We observed that the elderly patients in Group B had a longer LOS by 1 day, but the same group had a lower early readmission rate. The readmission rates were 10 and 7 % in Groups A and B, respectively, which may be higher than what has been reported in the literature [22]. This may be because the parameter included all patients who had any emergency room (ER) visit within 30 days after the discharge, even if the patient’s disposition at the time of subsequent ER visit was not to be admitted to the hospital. It is still unclear as to why the readmission rate is lower in the elderly group compared to the younger group. The extra LOS may have made the difference in the immediate readmission rate during the first 30 day postoperative period, but further investigation is necessary to verify such a hypothesis. Certainly in our institution, we tend to be more conservative with our discharges for the elderly patients, as is reflected in the analysis.

However, our results show that the outcomes are comparable between the two groups in terms of surgical safety. Besides the new-onset GERD, all the other analyzed complication parameters, including but not limited to wound infection, obstruction, stricture, leak, hemorrhage, nausea, vomiting, DVT, PE, or hernia, failed to show any significant differences between the younger and older patients. The new-onset reflux can be explained by the higher percentage of gastric band patients in Group B since severe reflux is a well-documented complication after gastric band placement [23]. The higher incidence of new-onset GERD in this group needs further investigation because the rate only reflects a patient’s subjective complaints postoperatively rather than based on objective measurements or findings. In any case, these symptoms were treated satisfactorily with proton-pump inhibitors or h2 antagonist medications.

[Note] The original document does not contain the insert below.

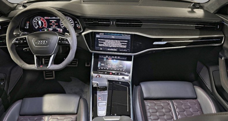 Cylindrée : 3996 cm3 Nb. Vitesse : 8 - Pack Esthétique carbone noir mat *** Avec : Rampes de pavillon noir mat *** Avec : Insert de diffuseur AR en carbone mat *** Avec : Baguettes décoratives sur les vitres latérales en noir mat *** Avec : Inserts de bas de caisse carbone mat *** Avec : Ailettes latérales AV carbone mat *** Avec : Becquet AV en carbone mat - Pack Design RS Plus rouge *** Avec : Ceintures de sécurité noires avec bordure rouge *** Avec : Tapis complémentaires noirs avec inscription RS et surpiqûres contrastées rouges *** Avec : Tableau de bord et rebords de portieres en cuir Nappa fin Noir *** Avec : Accoudoirs de portières en Dinamica avec surpiqûres contrastées rouges *** Avec : Soufflet de sélecteur de vitesses en cuir Nappa fin noir avec surpiqûres contrastées rouges *** Avec : Monogramme RS brodé en rouge sur sièges AV *** Avec : Commandes en Dinamica noir avec surpiqûres contrastées rouges *** Avec : Partie latérale de la console centrale en Dinamica noir avec surpiqûres contrastées rouges - Pack Assistance Route *** Avec : Assistant de freinage d'urgence *** Avec : Assistant de changement de direction *** Avec : Assistant d'évitement d'urgence *** Avec : Assistant de feux de route *** Avec : Assistant de maintien de la vitesse adaptatif *** Avec : Assistant d'efficacité *** Avec : Assistant de stabilité de trajectoire *** Avec : Assistant de conduite adaptatif - Pack Assistance pour la ville *** Avec : Avertisseur de sortie du véhicule *** Avec : Avertisseur de changement de file *** Avec : Alerte de trafic transversal AR *** Avec : Audi Pre Sense Rear *** Avec : Assistant de croisement - Audi Pre sense pack AR - Airbags latéraux arrière - Système d?airbags de tête - Prétensionneurs de ceinture arrière réversibles (permet un resserrement préventif des ceintures de sécurité en cas de danger *** Avec : Airbags latéraux AR *** Avec : Système d'airbags de tête *** Avec : Prétensionneurs de ceinture réversibles pour les sièges AR *** Avec : Boucles de ceintures de sécurité éclairées - Pack Air Quality *** Avec : Ioniseur d'air *** Avec : Aromatisation - Pack Esthétique Noir Plus *** Avec : Anneaux Audi à l?AV et à l?AR ainsi qu?inscription sur l?Audi Singleframe et sur le capot de coffre en noir brillant - Pack Fumeur *** Avec : Allume-cigare *** Avec : Cendriers AV et AR éclairés - Bang & Olufsen Advanced Sound System avec son 3D - Assistant de vision nocturne - Ciel de pavillon en Dinamica noir Audi Exclusive - Sièges Sport RS AV en cuir Valcona perforé avec surpiqûres alvéolées + ventilation de l?assise - Système d'échappement Sport RS pour une sonorité plus sportive, à double flux, avec embouts ovales noir brillant - Affichage tête haute - Châssis Sport RS plus avec Dynamic Ride Control (DRC) réglable sur 3 niveaux: comfort, auto, dynamic - Boitiers de rétroviseurs extérieurs carbone mat - Application décoratives structure carbone - Fermeture assistée des portières (soft close) - Chauffage des sièges AV et AR - Jantes en aluminium coulé, style 5 branches en Y noir mat 10,5 J x 22 avec pneus 285/30 R 22 - Suppression de l'identification du modèle et de l'inscription de la puissance/technologie - Applications décoratives en Aluminium Racing Anthracite - Audi Virtual Cockpit - Climatisation automatique confort 4 zones - Jantes en Aluminium coulé, style 5 branches en Y gris mat 10,5 J x 22 avec pneus 285/30 R 22 - Moulures de seuils RS avec insert en aluminium AV/AR, éclairées - Navigation MMI plus avec MMI touch response - Pack Eclairage contour/ambiance multicolore *** Avec : Miroirs de courtoisie éclairés côté conducteur et passager AV *** Avec : Boîte à gants *** Avec : Eclairage à gauche et à droite dans le coffre *** Avec : Commande intérieure des portières AV/AR *** Avec : Eclairage dans la zone des pieds AV/AR *** Avec : Module de pavillon AV et AR incluant spots de lecture - commande capacitive *** Avec : Eclairage périphérique dans les poignées de portières extérieures AV/AR *** Avec : Eclairage des seuils de portières AV/AR avec projection Audi Sport *** Avec : Vide-poches sur la console centrale AV *** Avec : Eclairage périphérique dans le hayon - Pack Non fumeur *** Avec : 1 prise 12 volts à l?AV *** Avec : 1 prise 12 volts à l?AR - Pack Rangement *** Avec : 2 Porte-boissons dans l'accoudoir central a l´AR *** Avec : Filet de coffre à fixer aux oeilletons de fixation sur le plancher du coffre - Pack style Aluminium Mat *** Avec : Vitres latérales en style aluminium mat - Phares HD Matrix LED feux AR à LED, éclairage laser Audi, scénarios de lumière RS/clignotants dynamiques - Projection LED du logo RS performance au sol - Préparation pour crochet d'attelage - Rétroviseur intérieur jour/nuit automatique sans encadrement - Rétroviseurs extérieurs dégivrants ainsi que réglables et rabattables électriquement, jour/nuit automatiques des deux côtés avec fonction mémoire avec clignotants à LED intégrés et fonction rabat automatique pour le rétroviseur extérieur côté passager avant, incluant buses de lave-glace dégivrantes, miroir convexe, plan ou asphérique. La fonction rabat automatique permet de basculer le rétroviseur côté passager avant vers le bas au passage de la marche arrière pour apporter au conducteur une meilleure vision du trottoir - Sellerie Microfibre Dinamica/cuir combiné avec logo RS dans le dossier sièges AV - Toit panoramique en verre ouvrant en 2 parties - Touches de commande façon verre en noir avec réponse haptique y compris style aluminium étendu - Volant chauffant Sport contour en cuir style 3 branches avec multifonction plus et palettes de changement de vitesses + méplat - Accoudoir central confort AV avec inclinaison réglable et coulissant en longueur - Adaptative air suspension RS - Airbags latéraux à l'AV et à l'AR incluant système d'airbags de tête et boucles de ceinture éclairée - Alarme antivol -

The limitations of this study include the heterogeneity of the timeframe analyzed for the two populations. However, this is a large population of patients 65 years of age and older from a single institution, which adds strength to the data.

Conclusion

This analysis of patients who are 65 years of age and older supports that bariatric surgery can be safely performed without additional short-term postoperative complications when compared to younger patients, even though the older group was proven to be more ill. Older patients should be well informed prior to the surgery of increased length of stay and incidence of reflux. Overall, as our data suggest, age greater than 65 should not be used as a contraindication to bariatric surgery.